Spätestens mit den Fünf leicht ausführbaren Präludien und Fugen op. 56 zeigen Orgel und Organist ihre ganze Bandbreite. Es beginnt ganz bezaubernd mit Präludium E-Dur, und das, sagen wir mal, im Geiste des mutmaßlichen Reger-Klangideals gestaltete Instrument lässt keine Wünsche offen, auch wenn sich die Ventile hörbar (aber nicht störend) fröhlich an der Interpretation beteiligen. Die CD schließt mit zwei Choralvorspielen ohne Opuszahl.
Mit CD IV betreten Organist und Steinmeyer-Orgel von St. Blasius in Weiler eher bekanntes Gebiet: die Zwölf Stücke op. 59, woraus Toccata und Fuge d-Moll/ D-Dur oder das „Gloria“ am ehes­ten unter Organistenfinger geraten. Erstaunlich auch hier, was Buttmann aus dem zweimanualigen Instrument zaubert, von seiner Fingerfertigkeit (nicht die Füße vergessen, denen Reger auch so einiges abfordert) ganz zu schweigen. Die rest­lichen Choralvorspiele ohne Opuszahl schließen mit klanglich ausgesuchten Registern und einfühlsamer Gestaltung die CD ab.
Fazit: (fast) nur „passende“ Orgeln, eine durchweg gute Aufnahmequalität mit angenehmem Nachhall – und vor allem ein Organist, der jenseits technischer Schwierigkeiten eine werkgerechte Reger-Interpretation liefert – sowohl in den sanften, emotional geladenen, wie in den hochvirtuosen, komplex-polyphonen Werken.

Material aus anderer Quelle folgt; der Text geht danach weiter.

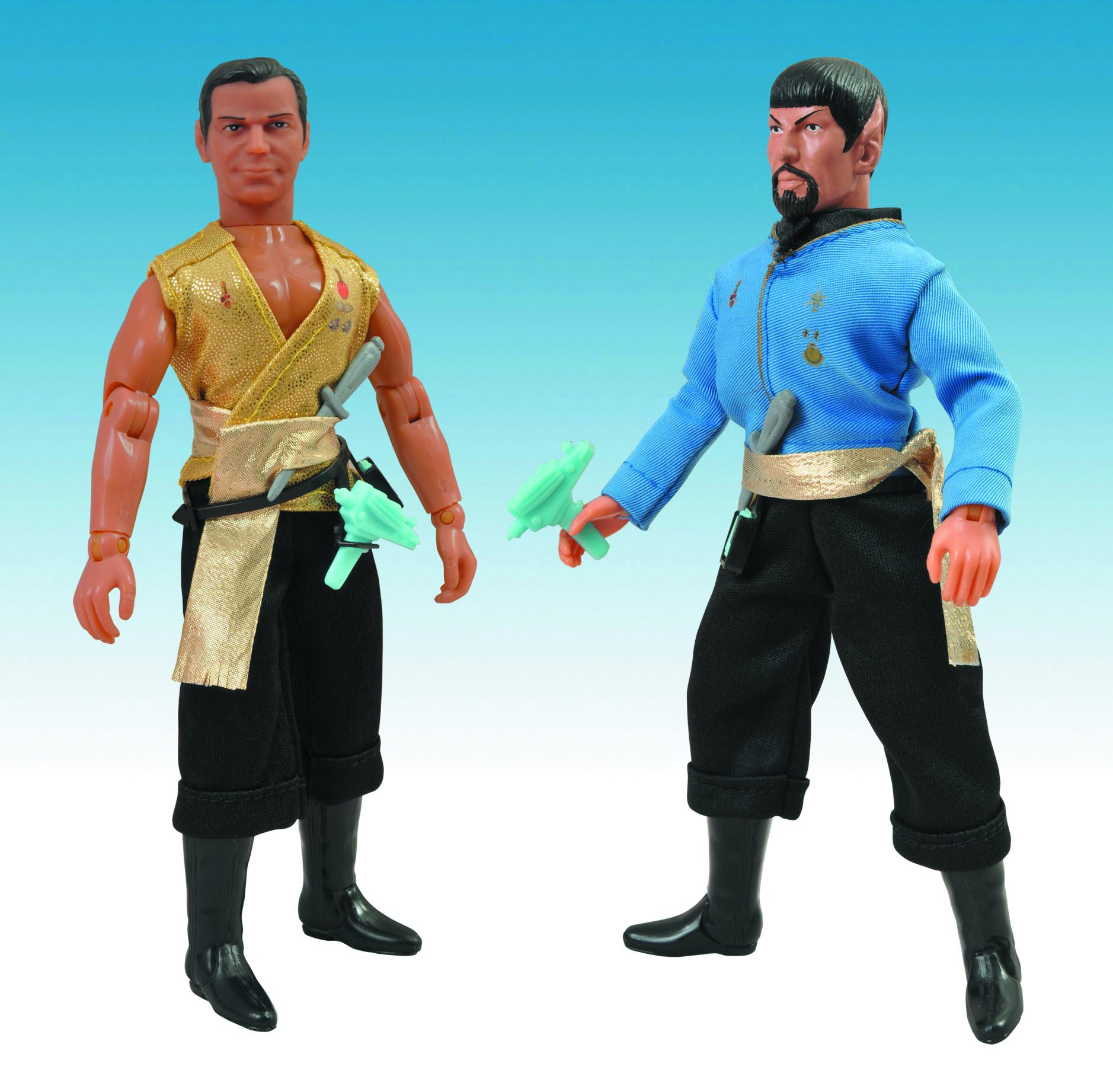 A Diamond Select Release! Designed and Sculpted by EMCE Toys! DST's popular line of classically styled 8" figures returns to Star Trek: The Original Series! This assortment depicts Kirk and Spock in their mirror-universe looks from the classic episode "Mirror, Mirror." Both feature real cloth costumes in the retro 1970s style, as well as episode-specific accessories and facial hair!

 Für 2014 ist die nächste Box (Werke der mittleren Schaffens­periode), für 2015 Box 3 und für 2016 Box 4 geplant. Man kann dem schaffensfrohen Organisten, derzeit an St. Sebald in Nürnberg tätig, nur „Traktur- und Tastenbruch“ für sein weiteres mutiges Unterfangen wün­schen.